Town officials announced positive results from a $26.92 million bond sale on Thursday, Jan. 15 and an accompanying $12 million sale of bond anticipation notes (BANs), all of which yielded competitive interest rates on the strength of solid reviews from Standard & Poor’s Corporation, one of the three major Wall Street Rating Agency firms.
The Town received a total of 7 bids on the bonds, with William Blair & Company LLC, submitting the winning bid. The low bid on the Bonds was 2.36 percent. The bonds will replace BANs and provide new financing for various school, sewer and capital improvement projects. The largest part of the issuance is to finance the Town’s Middle School project.
The new Notes, awarded to TD Securities, attracted five bidders and will have a net interest cost of 0.16 percent.

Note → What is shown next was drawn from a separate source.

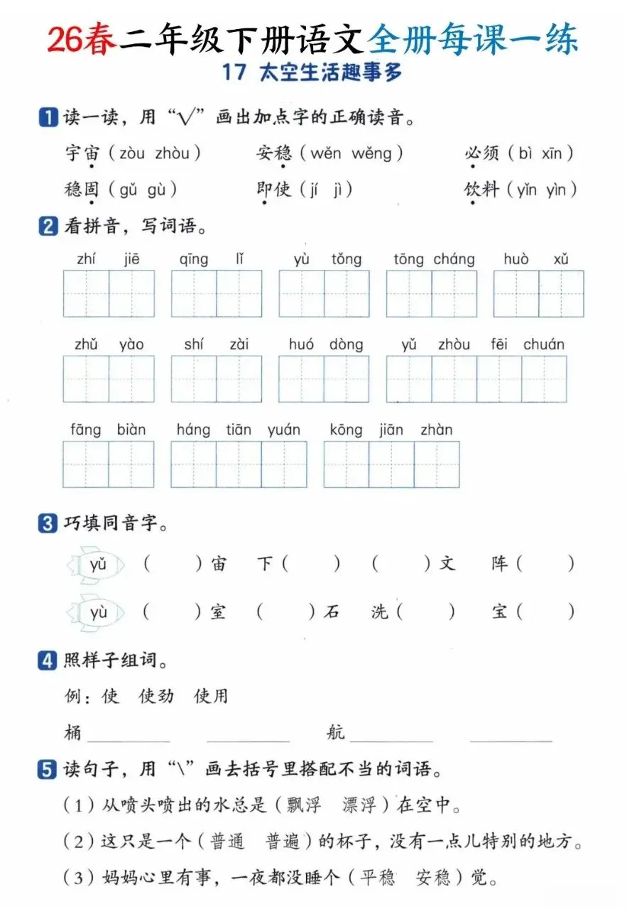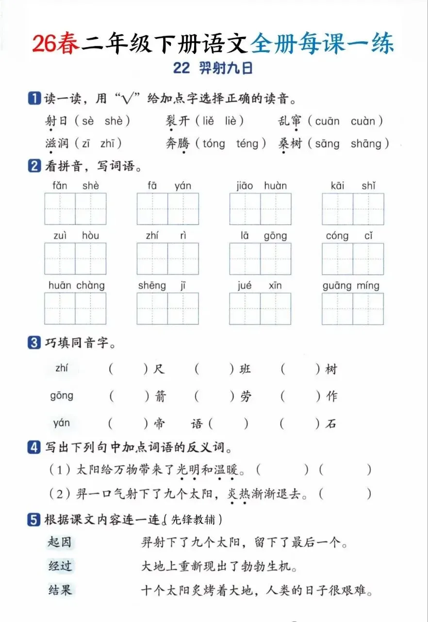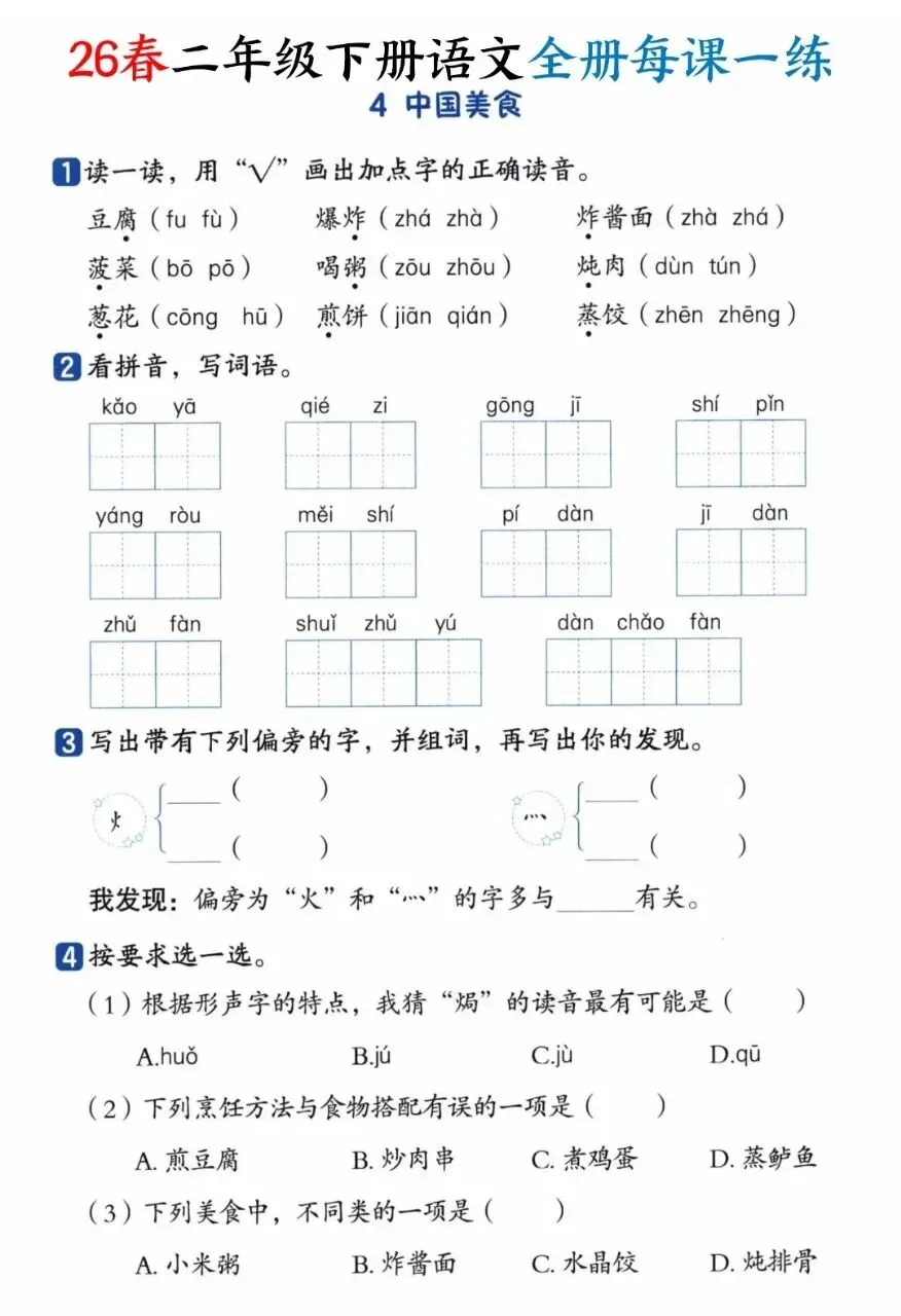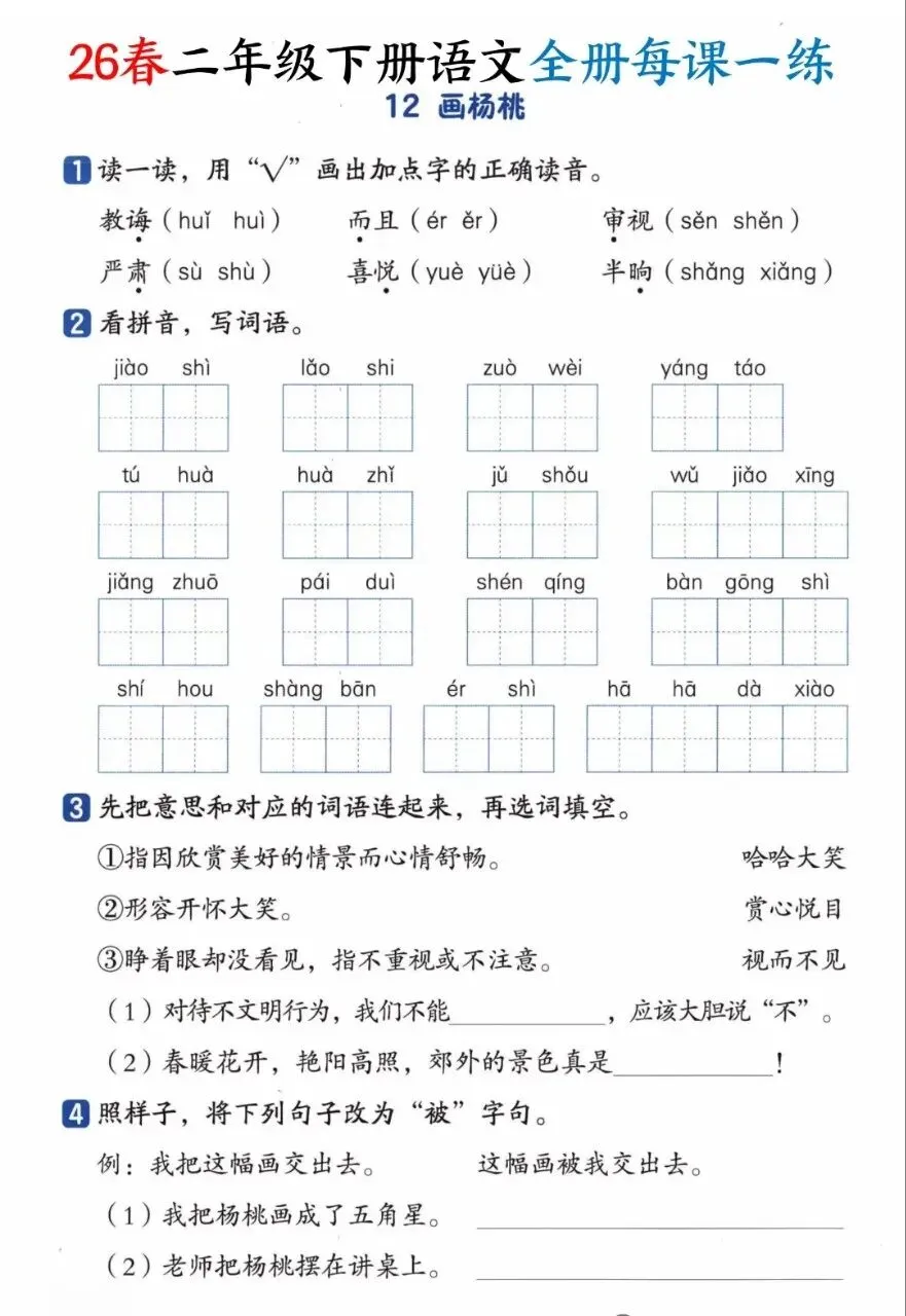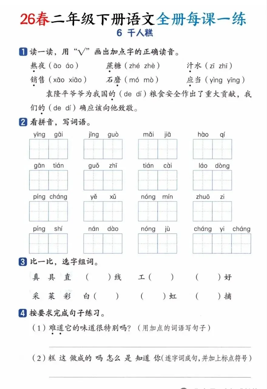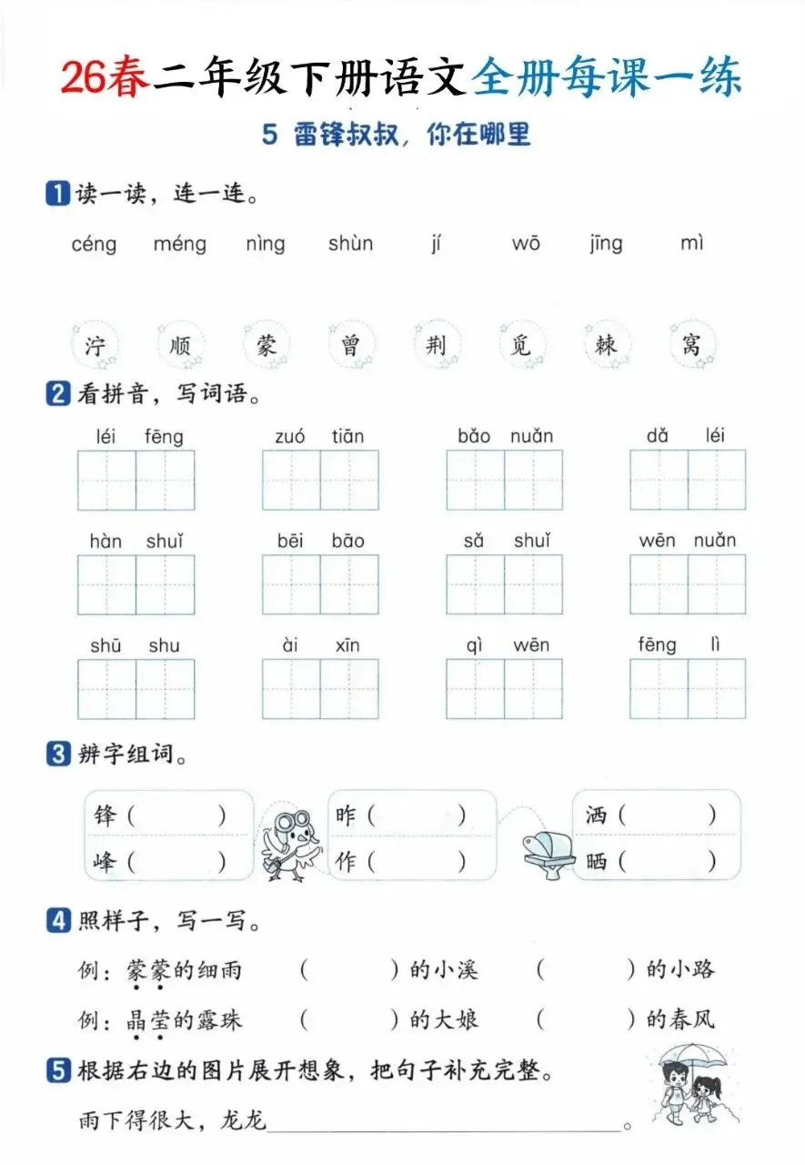26年新版二年级下册语文《每课一练》,电子版可打印 2026年春季新版二年级下册语文《每课一练》,同步统编版教材、电子版可直接打印。内容紧扣课文进度,覆盖字词、句子、阅读与写话全要点,一课一练、及时巩固,帮孩子夯实基础、稳步提升语文能力。

“The successful sale was a direct result of the town’s track record of strong credit ratings,” Matthew Spoerndle, senior managing director of Phoenix Advisors and Southington’s financial advisor, said in a press release from the town manager’s office. “Ratings have become increasingly important in this environment. S&P has recognized the work town officials have done in recent years to continue to improve Southington’s fiscal health and as a result, the Town issues debt at very low levels. The rate on today’s bond sale is one of the lowest the state has seen in the last couple of years.”
S&P reaffirmed Southington’s rating at AA+/Stable Outlook. Within its rating, S&P referenced the Towns “Strong management conditions… with good financial practices”, “Strong budgetary performance”, “Strong budget flexibility…with reserves above 15% of expenditures”, and “Very strong economy among the factors influencing the Town’s high credit rating. The “AA+” rating is only one notch away from the highest bond rating (AAA) awarded by S&P.
The settlement date for the sale is January 27, 2015.